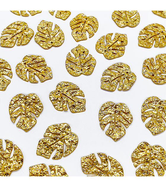 DIJE HOJA ARRUGADA LATÓN EN BAÑO DE ORO
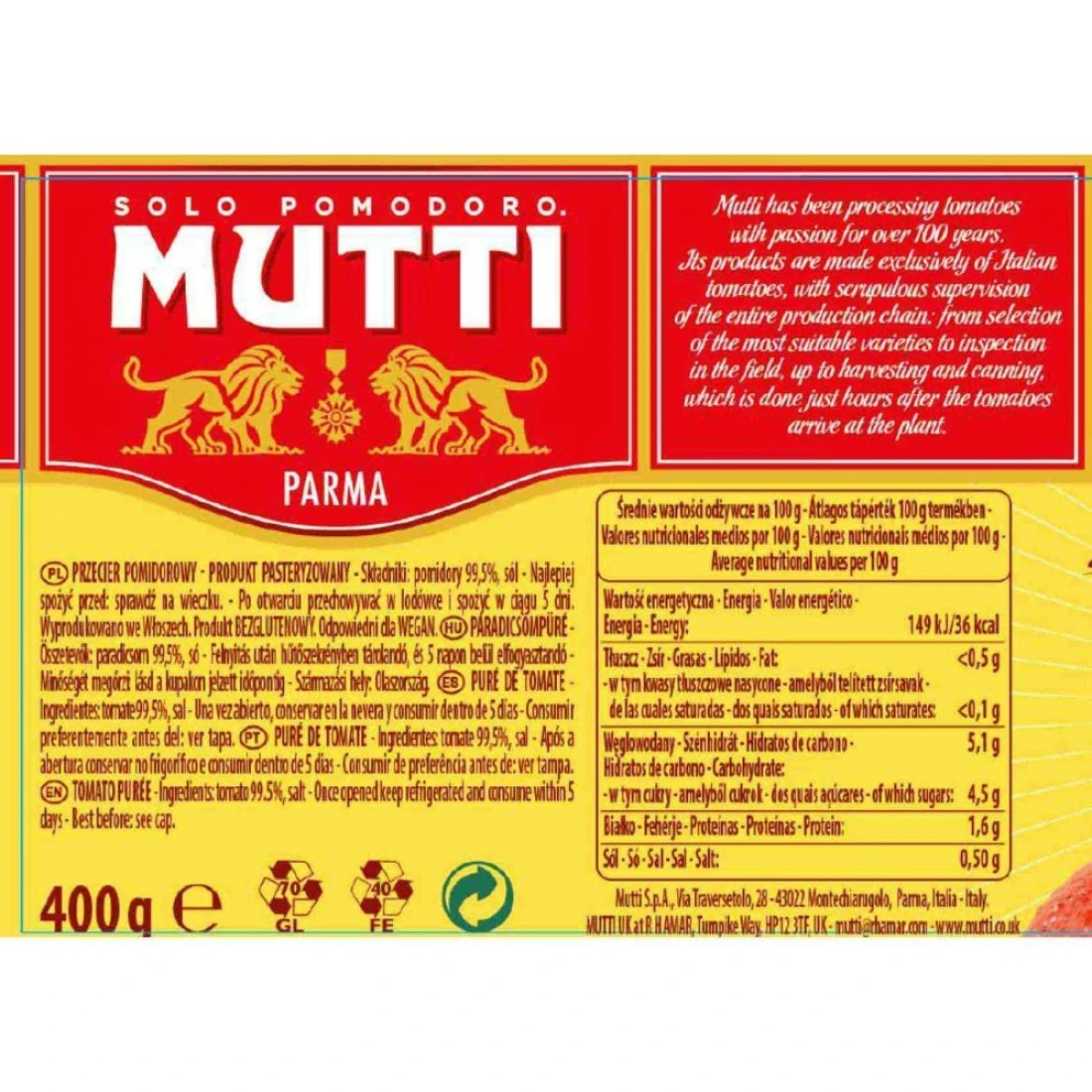 Mutti Passata Tomato Puree Paste, 400g
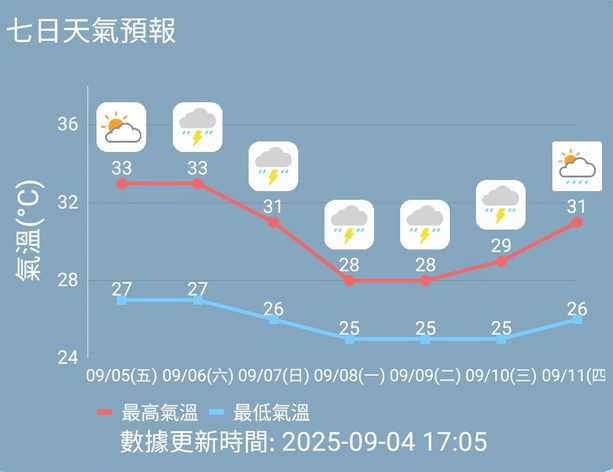 目前預測周六初時天氣仍然酷熱,雲量將逐漸增多,只部份時間有陽光,有幾陣驟雨且稍後有幾陣雷暴,吹二至四級東至東北風及有陣風。下周日將是屬於秋天的節氣「白露」,預測當日多雲但仍短暫時間有陽光,間中有驟雨並有幾陣雷暴,吹三至四級偏東風及有陣風。
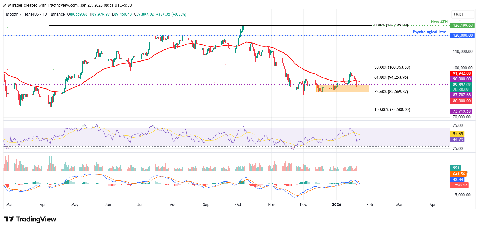 On the other hand, if BTC closes below the $87,787 support on a daily basis, it could extend the fall toward the lower consolidation boundary at $85,569, which coincides with the 78.6% Fibonacci retracement level.
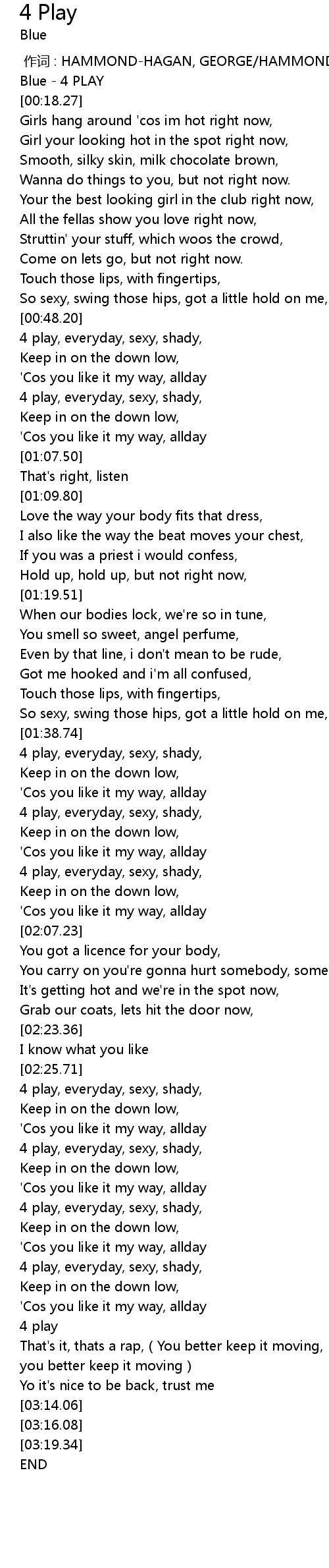 | [00:58.28] | 4 play, everyday, sexy, shady, |

━━━━━━━━━━━━━━━━

What you will do - Retype all the entries exactly; drop the pictures.

Answer to the exercise -
 DIJE HOJA ARRUGADA LATÓN EN BAÑO DE ORO
 Mutti Passata Tomato Puree Paste, 400g
 目前預測周六初時天氣仍然酷熱,雲量將逐漸增多,只部份時間有陽光,有幾陣驟雨且稍後有幾陣雷暴,吹二至四級東至東北風及有陣風。下周日將是屬於秋天的節氣「白露」,預測當日多雲但仍短暫時間有陽光,間中有驟雨並有幾陣雷暴,吹三至四級偏東風及有陣風。
 On the other hand, if BTC closes below the $87,787 support on a daily basis, it could extend the fall toward the lower consolidation boundary at $85,569, which coincides with the 78.6% Fibonacci retracement level.
 | [00:58.28] | 4 play, everyday, sexy, shady, |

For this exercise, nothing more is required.